Оскар долго отказывался, приводя различные доводы, но после совместно распитой бутылки наконец резко подобрел и согласился. Они расстались, и уже поздно ночью офицер отбыл домой. Стефан радовался, что пьян, иначе от мыслей о разлуке с Равилем у него не выдержал бы рассудок.

Отъезд был назначен на раннее утро. Этой ночью они все не спали. Офицер послал своего адъютанта за Сарой на ферму, и вскоре та появилась вместе с младенцем, до крайности взволнованная, имея при себе саквояж и корзинку с продуктами. Эльза хозяйничала на кухне — тоже готовила провиант в дорогу, — а Карл помогал всем укладываться.

Равиль оказался не способен собираться, он, словно тень, шатался за Стефаном по всей квартире, пытливо заглядывая ему в лицо, но немец упорно от него отворачивался.

— Не трави душу! — наконец прикрикнул на него офицер. — Ведь все удачно складывается! На фабрике у Шиндлера вы все будете в полной безопасности! Это счастье, что он приехал и согласился вас забрать. Да, самое главное, едва не забыл. Те часы, что я тебе подарил… Сами они ничего не стоят, но у них корпус с секретом. В нем есть потайное отделение, там спрятаны пять бриллиантов. Этого тебе вполне хватит, чтобы начать после войны новую жизнь и открыть свое небольшое дело. Смотри береги их.

— Ох, — расчувствовавшись, простонал Равиль, будучи не в силах выразить эмоции. — Спасибо! Ты… Я так… Стефан, неужели мы больше не увидимся?!

Это был крик души. Он подбежал к мужчине и схватил его за руки. Они судорожно и яростно целовались, стоя у окна посреди разгрома, царившего в спальне, сжимая друг друга в объятиях до боли.

А время летело неумолимо быстро.

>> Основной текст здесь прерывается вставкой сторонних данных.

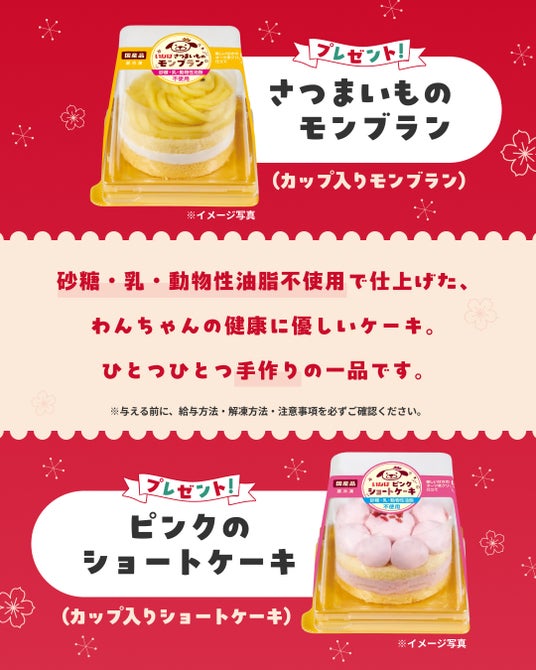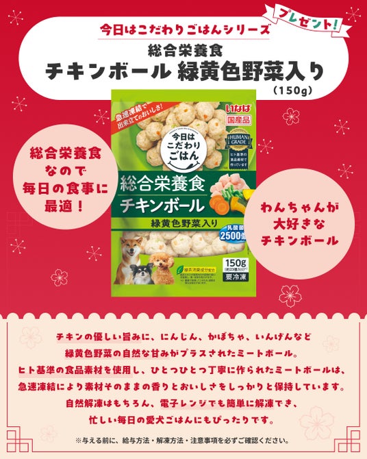 - 賞品:わんちゃんの健康にやさしい大人気のスイーツ2種と、新商品のごちそうプレート「ハンバーグとさつまいもサラダ」、大人気のチキンボールの4品
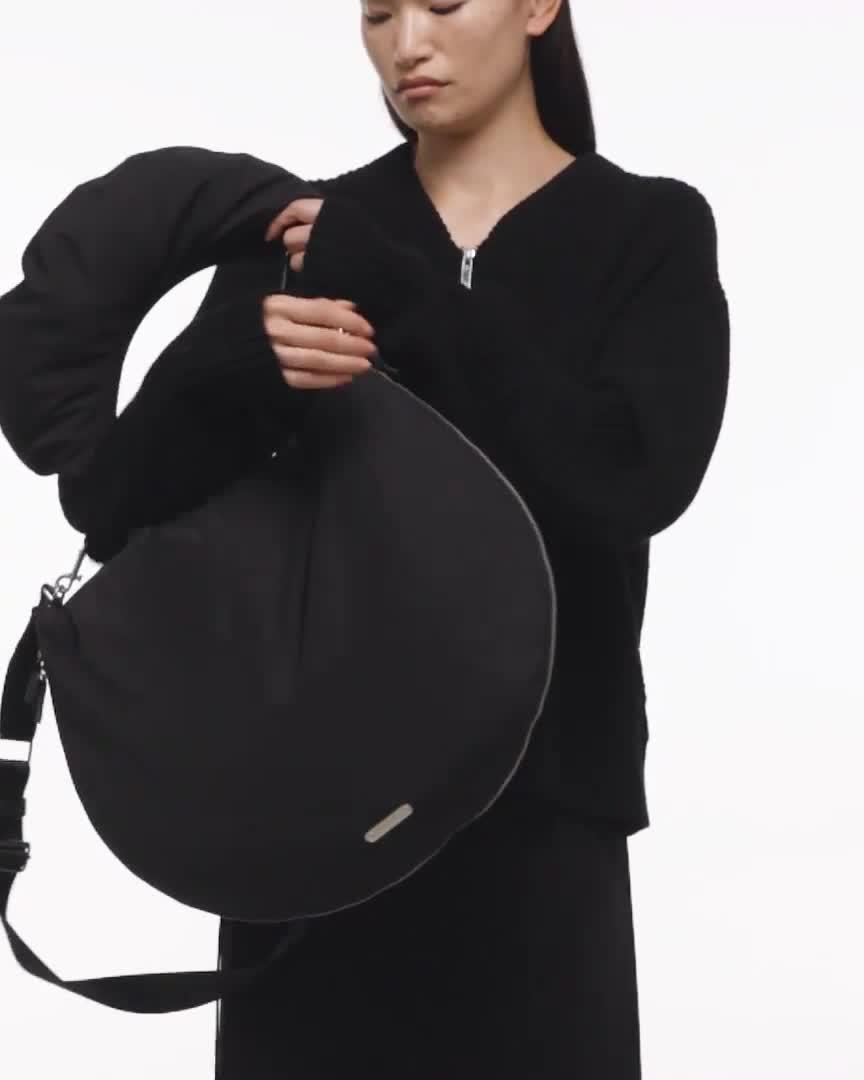 Convertible bag with a sculptural silhouette in a water-resistant nylon. Wear the smaller bag as a shoulder strap, unclip it to use as a neck pillow, and unzip it to use the hidden hood for protection from the elements.
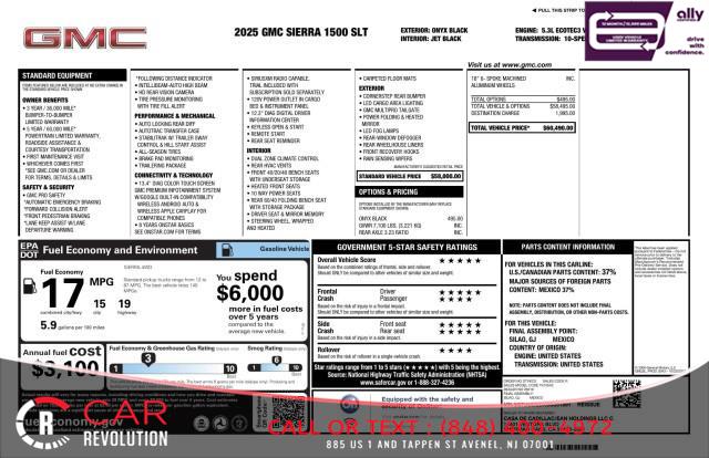 You can find this 2025 GMC Sierra 1500 SLT and many others like it at CAR REVOLUTION. Pull up in the vehicle and the valet will want to parked on the front row. This GMC Sierra 1500 SLT is the vehicle others dream to own. Don't miss your chance to make it your new ride. Simply put, this Four Wheel Drive is engineered with higher standards. Enjoy improved traction and safety while driving this 4WD GMC Sierra 1500 SLT. This is the one. Just what you've been looking for. This is about the time when you're saying it is too good to be true, and let us be the one's to tell you, it is absolutely true. Car Revolution has been in business since 1998 with 2 locations and over 300 cars. A family owned business, focused and determined to extend hospitality to all our clients. We make every effort to present information that is accurate. However, it is based on data provided by the vehicle manufacturer and other sources. Therefore exact Configuration, Color, Certification and Accessories should be used as a guide only and are not guaranteed under any circumstances, for any inaccuracies, claims of losses of any nature. All advertised prices includes all cost to be paid by the consumer, except: Title, Taxes, Registration, License Fees, Insurance, Dealer Prep, Additional Options and include all applicable rebates. Subject to Credit Approval. Every effort is made in order to display accurate and current vehicle information, including Pricing. All vehicles are subjected to prior sale, removal and transport elsewhere, awaiting Title and Ownership Confirmation. Inventory is updated daily and subject to change. Not responsible for typographical errors or omissions. To better insure the specific vehicle's availability, call us right away at 732-527-0477 and feel free to ask any questions. EMG-WB
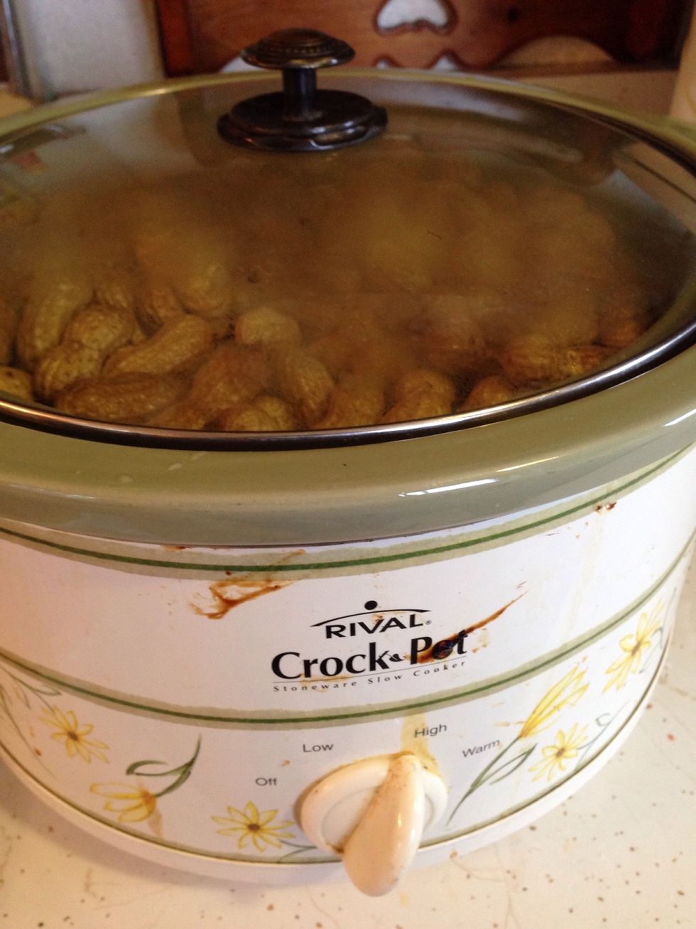 Fill crockpot with water to cover peanuts...stir...cover...cook on high until peanuts are nice and soft stir once in a while...24 hours in crockpot depends on the pot..eat and enjoy! Any flavor doable
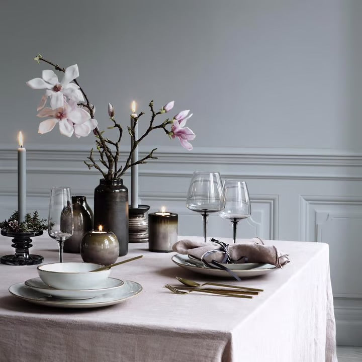 Den munnblåste Smoke-serien fra Broste Copenhagen med sin gradient røykeffekt gir glasset en følelse av eleganse og raffinement, samtidig som den fremhever drikken inni. I enhver borddekking introduserer Smoke-serien en moderne eleganse og visuell spenning. Det unike utseendet er et vitnesbyrd om ferdighetene innen munnblåst glassproduksjon og løfter måltidet.

Еще час, потом еще, и нужно было уже ехать.

Освенцим. Четыре часа тридцать минут утра.

Стефан Краузе стоял на деревянном помосте недалеко от платформы и наблюдал за партией узников, которые постепенно заполняли два вагона: один — мужской, второй — женский. Дул пронизывающий, холодный ветер, от которого плохо защищала даже добротная шерстяная шинель.

Рядом с ним находился Оскар Шиндлер и что-то рассказывал о своих планах на будущее, в частности о том, как хитроумно наладил производство кастрюль, которые после войны можно будет без труда сбыть на черном рынке, но офицер его не слушал.

В веренице заключенных он искал одно-единственное лицо, поэтому скоро спустился с помоста и подошел к составу как можно ближе.

С жадностью они с Равилем смотрели друг на друга. Видно было, что юноша полностью выбит из колеи, он сделал несколько шагов по направлению к немцу, но бдительный охранник оттеснил его в общий ряд. Стефан не выдержал и сам приблизился к нему.

— Все будет хорошо, — сбивчивой скороговоркой пробормотал он. — Держись. Береги сестру. И обязательно открой свою пекарню! Я найду тебя, где бы ты ни был, и попробую твой хлеб.

Тот лихорадочно кивал в ответ, и зеленоватые глаза юноши застилали слезы, которые мешали в последний раз увидеть такие дорогие черты любимого человека.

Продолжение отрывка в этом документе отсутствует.